Source records:
- Opening Delimiter -
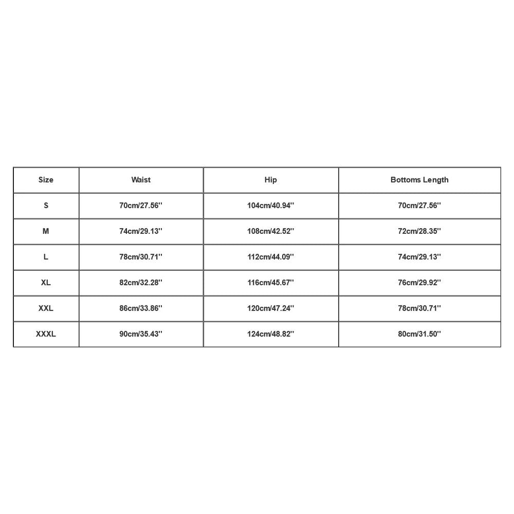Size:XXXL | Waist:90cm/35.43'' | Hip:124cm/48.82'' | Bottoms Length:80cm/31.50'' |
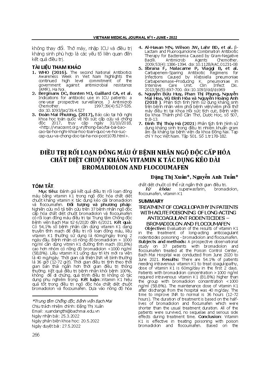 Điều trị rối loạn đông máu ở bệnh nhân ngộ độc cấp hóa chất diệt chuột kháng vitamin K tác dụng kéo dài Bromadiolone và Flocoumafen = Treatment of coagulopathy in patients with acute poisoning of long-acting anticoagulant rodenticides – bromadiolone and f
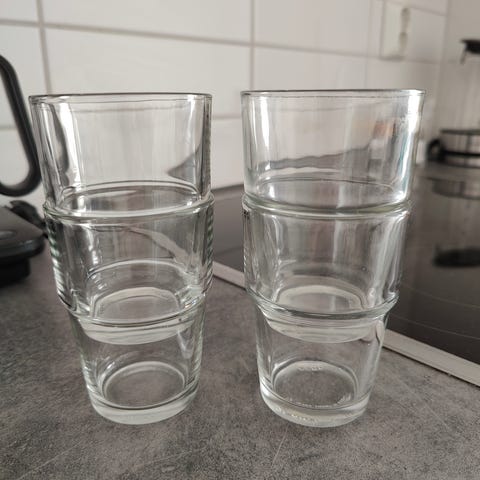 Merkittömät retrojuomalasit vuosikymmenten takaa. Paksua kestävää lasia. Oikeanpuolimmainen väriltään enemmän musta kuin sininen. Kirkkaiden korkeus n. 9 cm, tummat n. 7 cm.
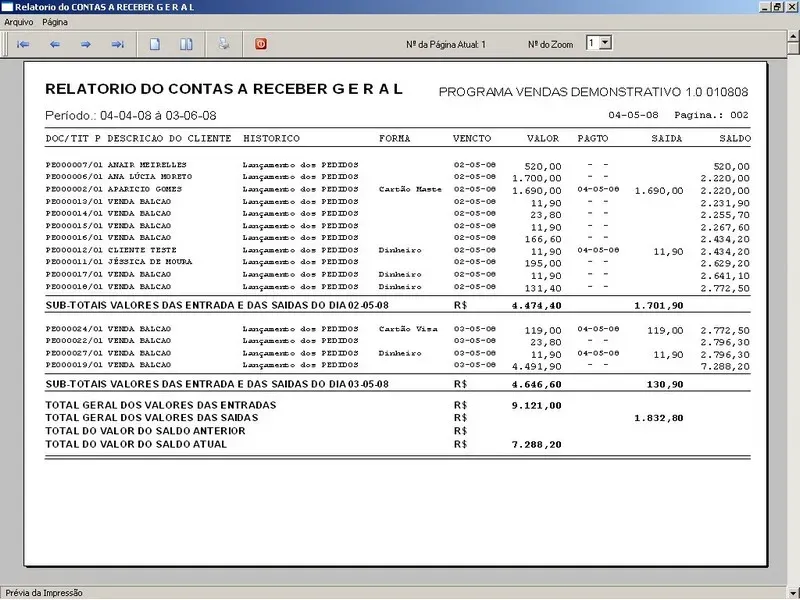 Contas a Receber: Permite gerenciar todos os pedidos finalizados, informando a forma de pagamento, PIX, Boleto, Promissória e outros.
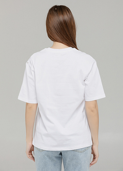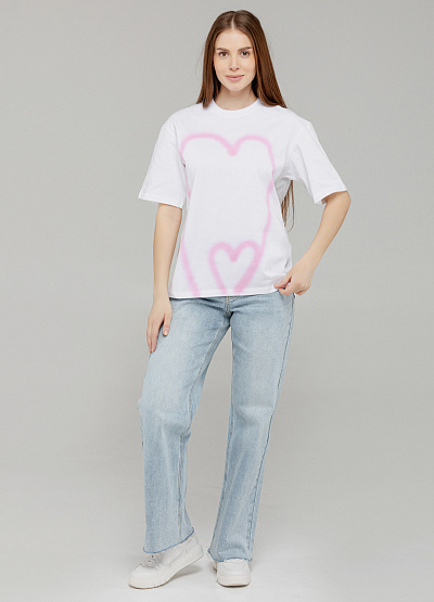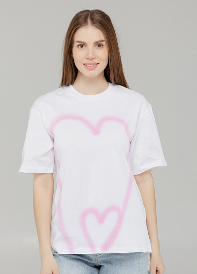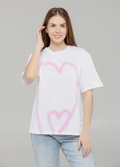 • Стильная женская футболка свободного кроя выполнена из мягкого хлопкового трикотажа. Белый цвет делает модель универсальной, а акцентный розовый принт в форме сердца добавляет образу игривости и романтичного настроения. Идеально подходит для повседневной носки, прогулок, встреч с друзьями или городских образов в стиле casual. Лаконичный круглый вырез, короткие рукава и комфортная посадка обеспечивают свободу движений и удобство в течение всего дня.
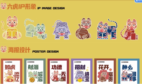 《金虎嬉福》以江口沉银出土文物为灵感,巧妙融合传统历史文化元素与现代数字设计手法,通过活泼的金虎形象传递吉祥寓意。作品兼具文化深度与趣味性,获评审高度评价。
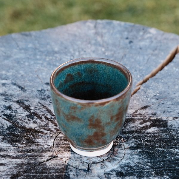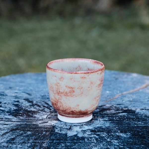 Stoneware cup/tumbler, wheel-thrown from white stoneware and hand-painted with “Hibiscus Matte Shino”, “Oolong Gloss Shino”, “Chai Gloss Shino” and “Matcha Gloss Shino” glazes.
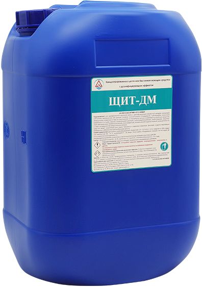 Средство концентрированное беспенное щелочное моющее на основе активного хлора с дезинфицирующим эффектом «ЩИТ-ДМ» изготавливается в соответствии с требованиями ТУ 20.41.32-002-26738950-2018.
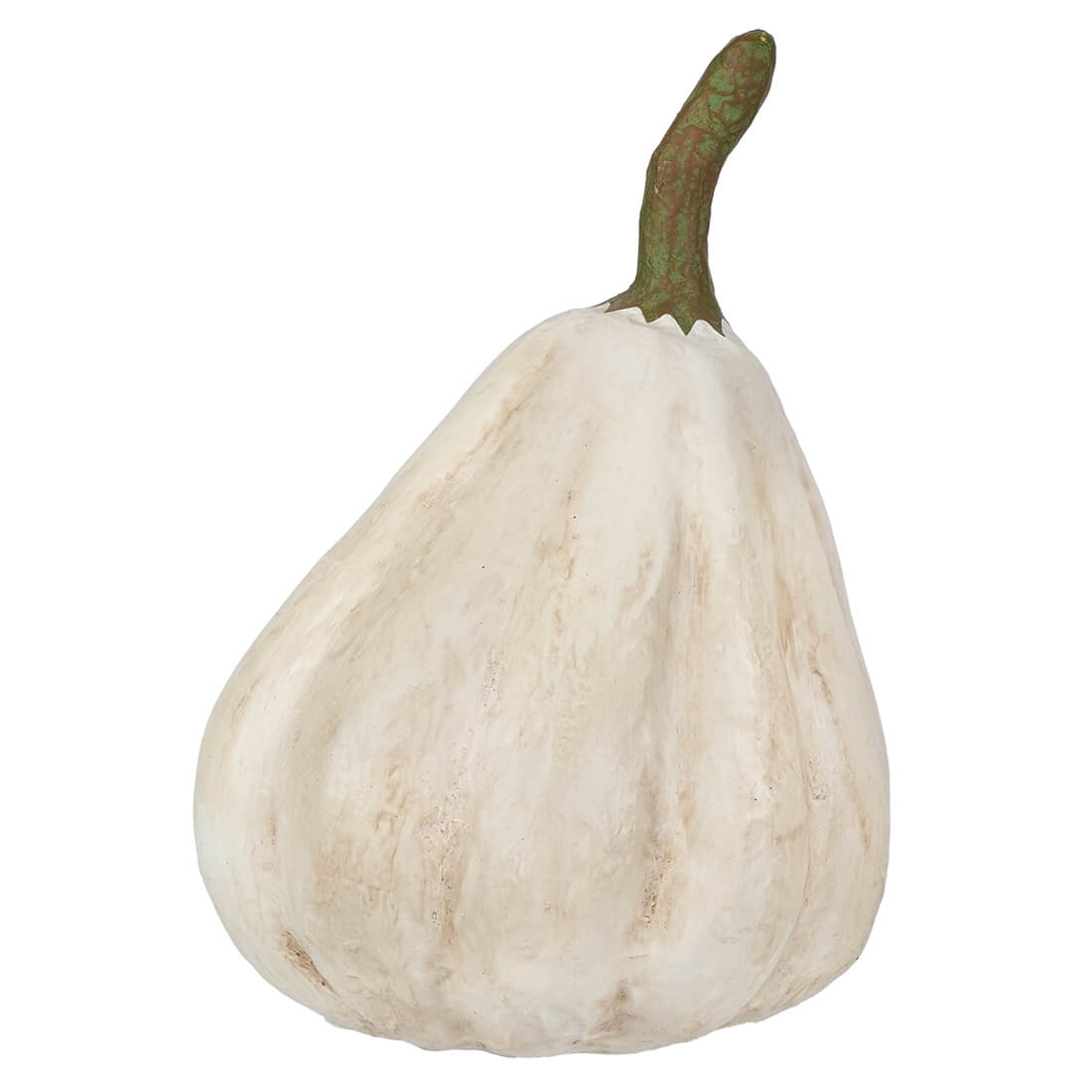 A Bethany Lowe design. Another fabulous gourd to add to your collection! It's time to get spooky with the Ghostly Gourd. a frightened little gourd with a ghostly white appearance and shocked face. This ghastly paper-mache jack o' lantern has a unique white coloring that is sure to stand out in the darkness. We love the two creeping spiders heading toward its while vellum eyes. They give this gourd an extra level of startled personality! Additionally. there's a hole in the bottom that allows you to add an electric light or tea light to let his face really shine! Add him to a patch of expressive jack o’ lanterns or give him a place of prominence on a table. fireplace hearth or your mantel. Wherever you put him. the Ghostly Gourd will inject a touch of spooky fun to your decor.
- Closing Delimiter -
## What needs to be done:
For this exercise, set down the lines in the entries above from the one with "Điều trị rối" through the one with "течение всего дня." exactly as written, without any pictures.

## Problem solution:
 Điều trị rối loạn đông máu ở bệnh nhân ngộ độc cấp hóa chất diệt chuột kháng vitamin K tác dụng kéo dài Bromadiolone và Flocoumafen = Treatment of coagulopathy in patients with acute poisoning of long-acting anticoagulant rodenticides – bromadiolone and f
 Merkittömät retrojuomalasit vuosikymmenten takaa. Paksua kestävää lasia. Oikeanpuolimmainen väriltään enemmän musta kuin sininen. Kirkkaiden korkeus n. 9 cm, tummat n. 7 cm.
 Contas a Receber: Permite gerenciar todos os pedidos finalizados, informando a forma de pagamento, PIX, Boleto, Promissória e outros.
 • Стильная женская футболка свободного кроя выполнена из мягкого хлопкового трикотажа. Белый цвет делает модель универсальной, а акцентный розовый принт в форме сердца добавляет образу игривости и романтичного настроения. Идеально подходит для повседневной носки, прогулок, встреч с друзьями или городских образов в стиле casual. Лаконичный круглый вырез, короткие рукава и комфортная посадка обеспечивают свободу движений и удобство в течение всего дня.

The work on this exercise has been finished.